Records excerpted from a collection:
══════════════════════════════
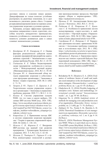1. Болодурина М. П., Елизарьева Е. А. Оценка факторов резильентности субъектов малых и средних предприятий при разработке адаптационных стратегий // Экономические и социальные проблемы России. 2024. № 1. C. 43-59. EDN: KJXBJV
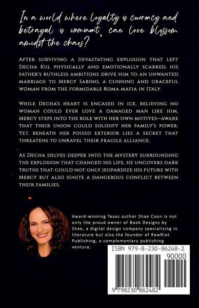 In the ashes of trust and treachery, could a forbidden spark of passion rewrite their fates, or will it burn them both to the ground? Decha Kul, scarred in body and soul by an explosion that left him shattered, is thrust into a marriage as volatile as the secrets it hides. He is chained to Mercy Sabino by his father's ruthless ambition. Mercy is a woman whose elegance is a weapon and cunning is her shield. As a key player in the powerful Roma Mafia, Mercy wields her charm like a blade. But beneath her charm, Mercy Sabino harbors her own scars and secrets. The type that could obliterate their fragile alliance. As Decha unravels the web of lies surrounding the inferno that scarred him, he uncovers truths dark enough to destroy their bond and ignite a war that could consume their worlds.
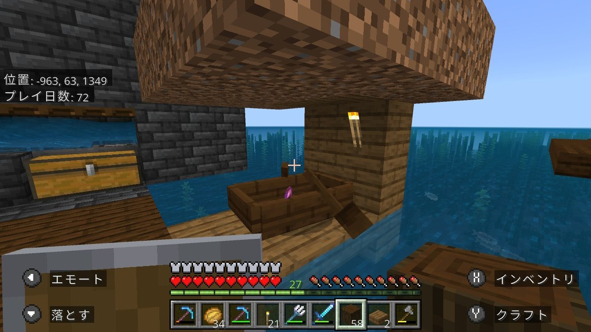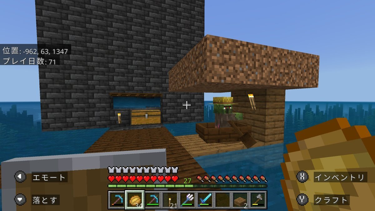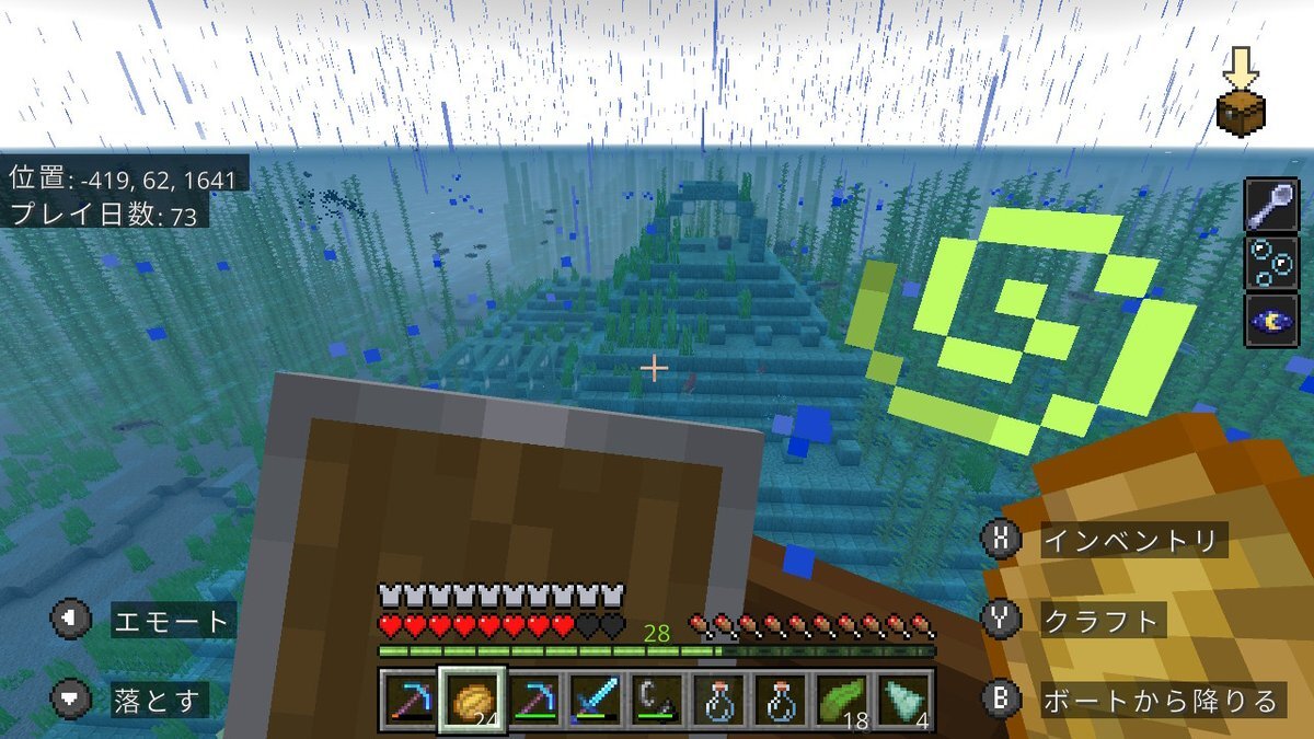 day71~77 前に作ってあった簡易的なトラップに、村人ゾンビが😳 屋根付きのボートに確保し、ポーションと金リンゴを作成して戻るとどこにも…。 距離的には大丈夫だったはずだけど…。 TNTを作成して海底神殿再挑戦。攻略できました 残り20日ちょっと #Minecraft #マインクラフト #孤島100day pic.x.com/vQCM1vpxG3
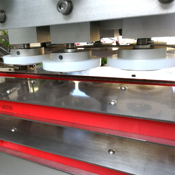 通用型高速旋蓋設(shè)備工作原理:瓶蓋經(jīng)理蓋機構(gòu)整理,口朝上的瓶蓋源源不斷地送到落蓋軌道,從流水線其他設(shè)備上輸送到送瓶軌道上的瓶子進入落蓋區(qū),在瓶子被兩邊夾瓶裝置夾緊向前移動時自動將瓶蓋套上,直線式旋蓋機壓蓋裝置在旋蓋前先將瓶蓋壓至預(yù)緊狀態(tài),在三對高速旋轉(zhuǎn)的耐磨橡膠輪的作用下,瓶蓋緊緊地旋在瓶身上。
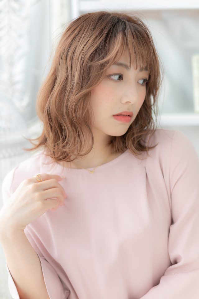 斜めバングや厚めバングが大人かわいいくせ毛風ふわミディ。前下がりで小顔。ナチュラルボブやフェミニンボブ、大人ボブや前下がりボブからの伸ばしかけに◎耳かけやアシンメトリーな髪形も◎(メイク担当:川口店 岩淵)
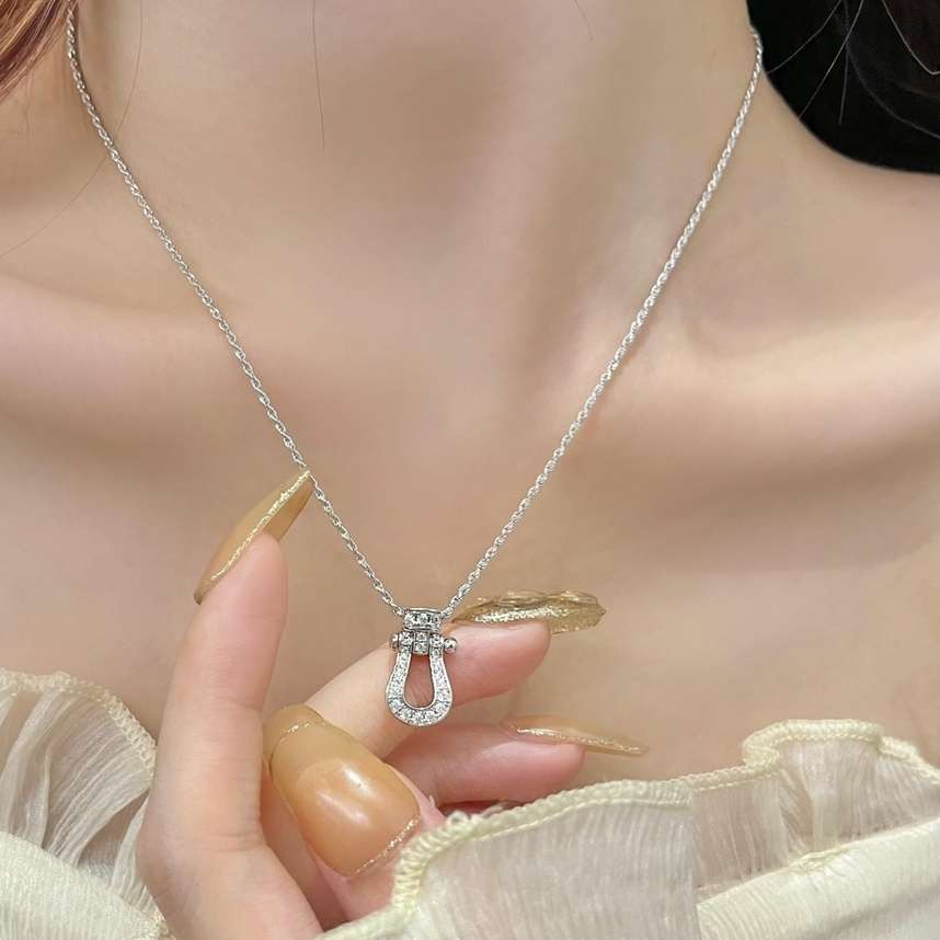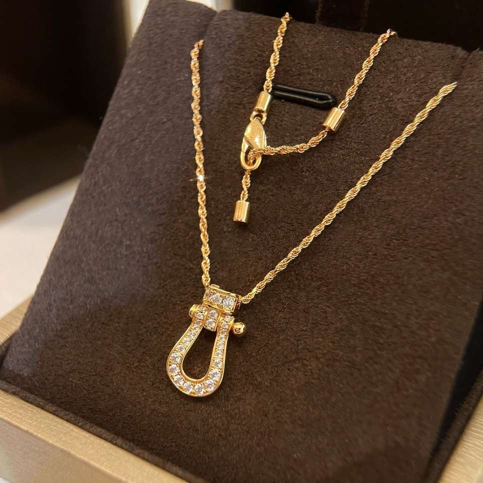 Force 10 degree medium twisted rope chain with diamond studded horseshoe buckle necklace (925 silver chain)
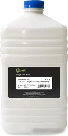 Тонер CACTUS CS-THP10-1000 подходит для лазерных принтеров HP LJ M104a, M104w, M132a, M132fn, M132fw и M132nw. Он предназначен для черной печати и обеспечивает качество изображений. Объем картриджа составляет 1000 мл, что позволяет делать много печатных страниц без частого пополнения. Тонер не является оригинальным продуктом, что делает его доступнее по цене. Он помогает достигать четкого и яркого черного текста и графики. Тонер работает с популярными моделями принтеров, легко устанавливается и использует современные технологии. Он подходит для дома и офиса, где требуется надежная и экономичная печать. Высокое качество продукции обеспечивает стабильную печать без засорения и пятен.
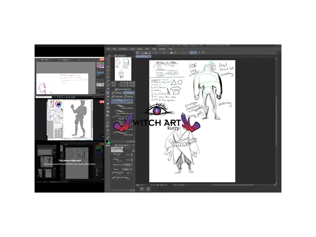 - Téma různá a dle možností - pokud bude venku hezky, můžeme naplánovat studie krajinek, pokud se nám bude chtít tvořit v našem studiu, zaměříme se místo toho na komiksy
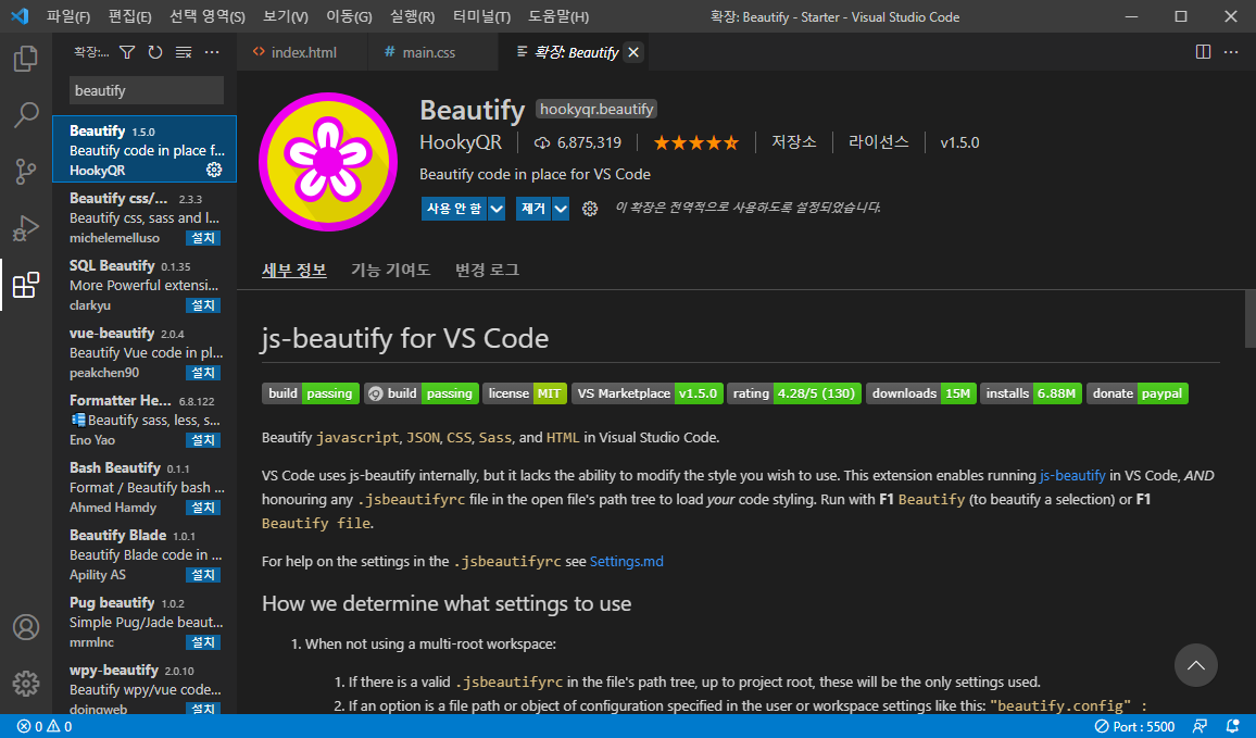 1일차_VS Code에 설정해 놓은 정리된 코드 만들기 Beautify_20210622 VS Code에 설정해 놓은 정리된 코드 만들기 Beautify 사이드바의 확장에서 Beautify 검색하면 나온다. 설치 후 단축키를 Ctrl + Alt + l(알파벳 소문자 엘) 설정하고 입력하면 코드 자동 정리 실행 개발새발/VS Code 2021.06.22
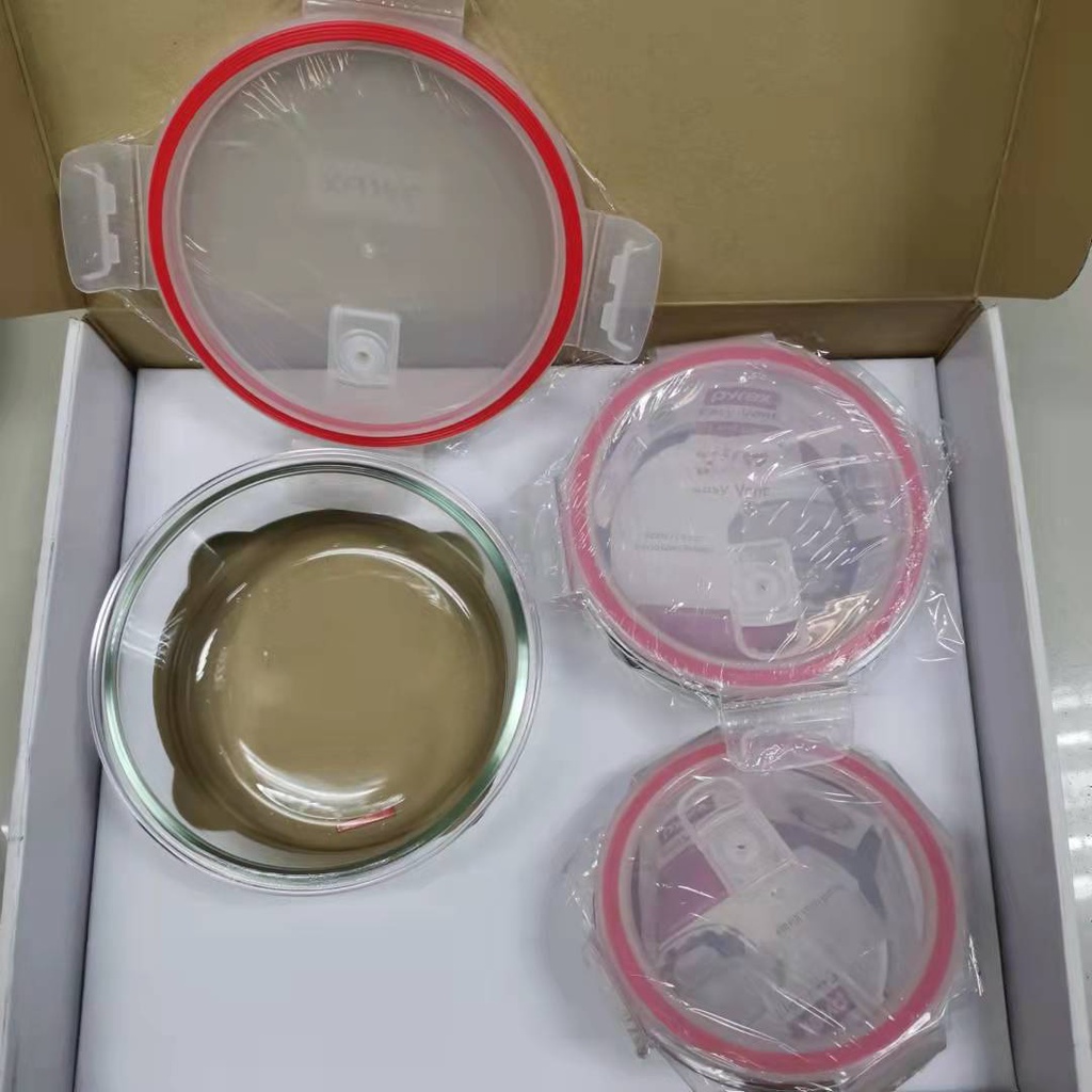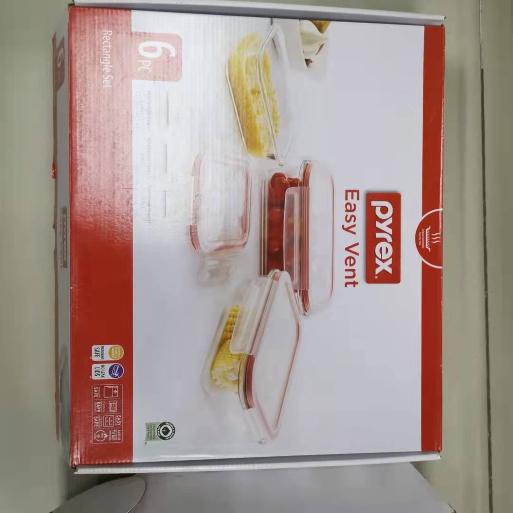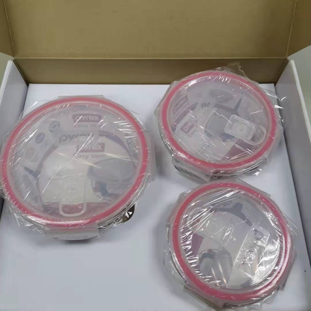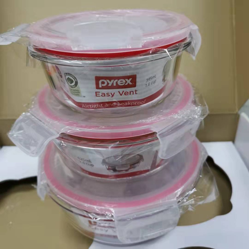 Pyrex Easy Vent 6pcs Round Glass Storage Bowl with Air Tight Leak Proof Lid Tupperware
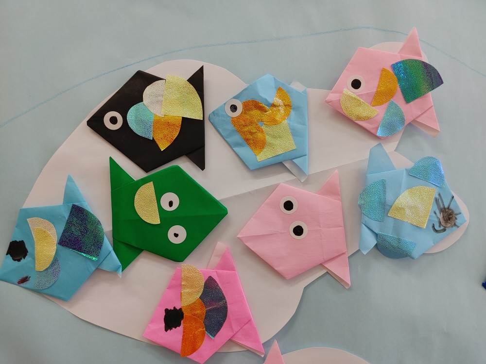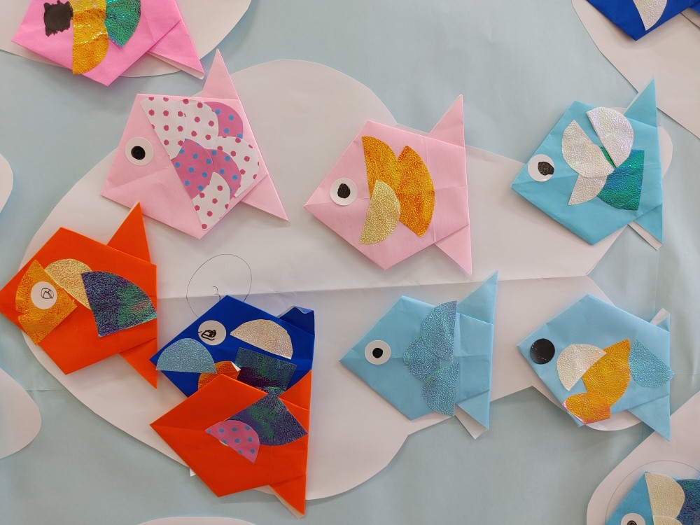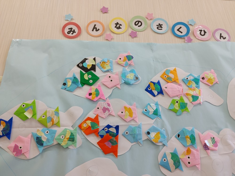 本日の本題は、折り紙を釣って皆に魚を作ってもらいました。
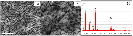 Figure 1 shows the morphology (a, b) and the compositional analysis (c) of SBA2 glass powders. The powders display the typical sharp-cornered morphology of ball-milled glass. Moreover, as previously mentioned, the majority of SBA2 powders showed a grain size < 5 µm. In addition, the performed DTA analysis evidenced a glass transition temperature of about 550 °C, the crystallization onset at 600 °C, a crystallization peak at 655 °C and a melting temperature of 1220 °C.
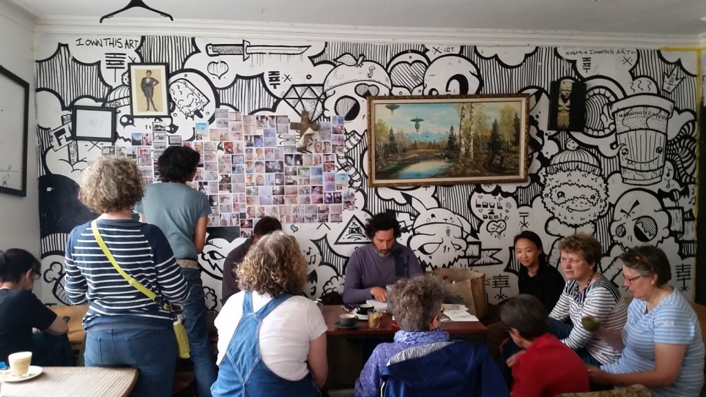 Our venue was the quirky Marwood Cafe where we grew an exhibition on their upstairs lounge wall for the duration of the workshop.
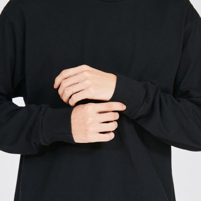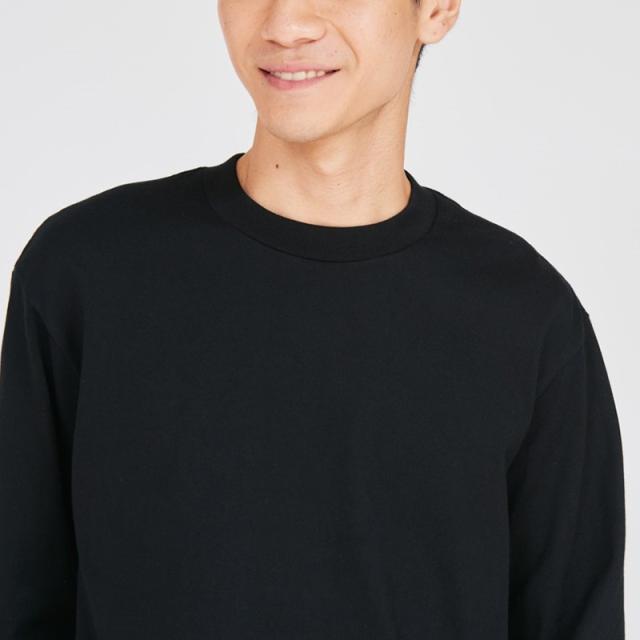 丸胴仕様とタグレスデザインで快適な着心地を実現。袖口はリブ仕様で、袖をたくし上げたスタイリングにも対応。
══════════════════════════════
* _ACTIVITY_
Give back the data exactly, with no images.

* _RESPONSE TO THIS TASK_
1. Болодурина М. П., Елизарьева Е. А. Оценка факторов резильентности субъектов малых и средних предприятий при разработке адаптационных стратегий // Экономические и социальные проблемы России. 2024. № 1. C. 43-59. EDN: KJXBJV
 In the ashes of trust and treachery, could a forbidden spark of passion rewrite their fates, or will it burn them both to the ground? Decha Kul, scarred in body and soul by an explosion that left him shattered, is thrust into a marriage as volatile as the secrets it hides. He is chained to Mercy Sabino by his father's ruthless ambition. Mercy is a woman whose elegance is a weapon and cunning is her shield. As a key player in the powerful Roma Mafia, Mercy wields her charm like a blade. But beneath her charm, Mercy Sabino harbors her own scars and secrets. The type that could obliterate their fragile alliance. As Decha unravels the web of lies surrounding the inferno that scarred him, he uncovers truths dark enough to destroy their bond and ignite a war that could consume their worlds.
 day71~77 前に作ってあった簡易的なトラップに、村人ゾンビが😳 屋根付きのボートに確保し、ポーションと金リンゴを作成して戻るとどこにも…。 距離的には大丈夫だったはずだけど…。 TNTを作成して海底神殿再挑戦。攻略できました 残り20日ちょっと #Minecraft #マインクラフト #孤島100day pic.x.com/vQCM1vpxG3
 通用型高速旋蓋設(shè)備工作原理:瓶蓋經(jīng)理蓋機構(gòu)整理,口朝上的瓶蓋源源不斷地送到落蓋軌道,從流水線其他設(shè)備上輸送到送瓶軌道上的瓶子進入落蓋區(qū),在瓶子被兩邊夾瓶裝置夾緊向前移動時自動將瓶蓋套上,直線式旋蓋機壓蓋裝置在旋蓋前先將瓶蓋壓至預(yù)緊狀態(tài),在三對高速旋轉(zhuǎn)的耐磨橡膠輪的作用下,瓶蓋緊緊地旋在瓶身上。
 斜めバングや厚めバングが大人かわいいくせ毛風ふわミディ。前下がりで小顔。ナチュラルボブやフェミニンボブ、大人ボブや前下がりボブからの伸ばしかけに◎耳かけやアシンメトリーな髪形も◎(メイク担当:川口店 岩淵)
 Force 10 degree medium twisted rope chain with diamond studded horseshoe buckle necklace (925 silver chain)
 Тонер CACTUS CS-THP10-1000 подходит для лазерных принтеров HP LJ M104a, M104w, M132a, M132fn, M132fw и M132nw. Он предназначен для черной печати и обеспечивает качество изображений. Объем картриджа составляет 1000 мл, что позволяет делать много печатных страниц без частого пополнения. Тонер не является оригинальным продуктом, что делает его доступнее по цене. Он помогает достигать четкого и яркого черного текста и графики. Тонер работает с популярными моделями принтеров, легко устанавливается и использует современные технологии. Он подходит для дома и офиса, где требуется надежная и экономичная печать. Высокое качество продукции обеспечивает стабильную печать без засорения и пятен.
 - Téma různá a dle možností - pokud bude venku hezky, můžeme naplánovat studie krajinek, pokud se nám bude chtít tvořit v našem studiu, zaměříme se místo toho na komiksy
 1일차_VS Code에 설정해 놓은 정리된 코드 만들기 Beautify_20210622 VS Code에 설정해 놓은 정리된 코드 만들기 Beautify 사이드바의 확장에서 Beautify 검색하면 나온다. 설치 후 단축키를 Ctrl + Alt + l(알파벳 소문자 엘) 설정하고 입력하면 코드 자동 정리 실행 개발새발/VS Code 2021.06.22
 Pyrex Easy Vent 6pcs Round Glass Storage Bowl with Air Tight Leak Proof Lid Tupperware
 本日の本題は、折り紙を釣って皆に魚を作ってもらいました。
 Figure 1 shows the morphology (a, b) and the compositional analysis (c) of SBA2 glass powders. The powders display the typical sharp-cornered morphology of ball-milled glass. Moreover, as previously mentioned, the majority of SBA2 powders showed a grain size < 5 µm. In addition, the performed DTA analysis evidenced a glass transition temperature of about 550 °C, the crystallization onset at 600 °C, a crystallization peak at 655 °C and a melting temperature of 1220 °C.
 Our venue was the quirky Marwood Cafe where we grew an exhibition on their upstairs lounge wall for the duration of the workshop.
 丸胴仕様とタグレスデザインで快適な着心地を実現。袖口はリブ仕様で、袖をたくし上げたスタイリングにも対応。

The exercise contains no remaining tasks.